The exclusion process (usually) mixes faster than independent particles
The exclusion process is one of the most basic and best studied processes in the literature on interacting particle systems, with connections to card shuffling and statistical mechanics. It has been one of the major examples driving the study of mixing-times. In the exclusion process on an n-vertex graph we have k black particles and n-k white particles, one per site. Each edge rings at rate 1. When an edge rings, the particles occupying its end-points switch positions. Oliveira conjectured that the order of the mixing time of the process is at most that of the mixing-time of k independent particles. Together with Richard Pymar we verify this up to a constant factor for d-regular (or bounded degree) graphs in various cases:
(1) the degree d is at least logarithmic in n, or
(2) the spectral-gap of a single walk is small (at most log number of vertices to the power 4) or
(3) when the number of particles k is roughly \(n^a\) for some constant \(0 \lt a \lt 1\).
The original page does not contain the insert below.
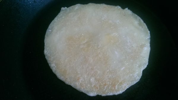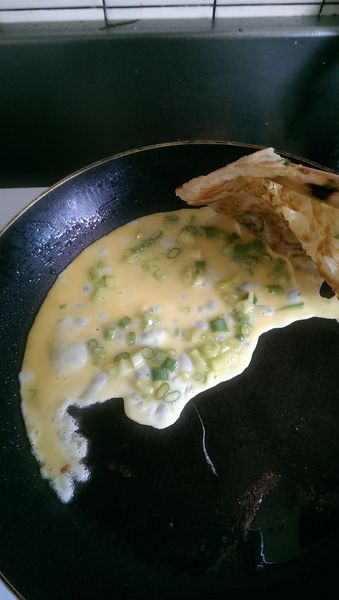 待蛋液不再流動後,就可以翻面再煎另一面,一下下就可以開始捲搂
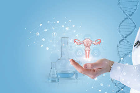 Holding an uterus organ with ovaries in the hands, female reproductive system, pregnancy and gynecological concept, diseases like cancer and polycystic

In these cases our analysis yields a probabilistic proof of Aldous' famous spectral-gap conjecture (resolved by Caputo et al.).
We also prove a general bound which (when \(k > n^c \)) is within a \(\log \log n\) factor from Oliveira's conjecture.
As applications we get new mixing bounds:
(a) \(O(\log n \log \log n)\) for expanders,
(b) order \( \log (dk) \) for the hypercube \(\{0,1\}^d\) and
(c) order \((\text{diameter})^2 \log k \) for vertex-transitive graphs of moderate growth and for the giant component of supercritical percolation on a torus.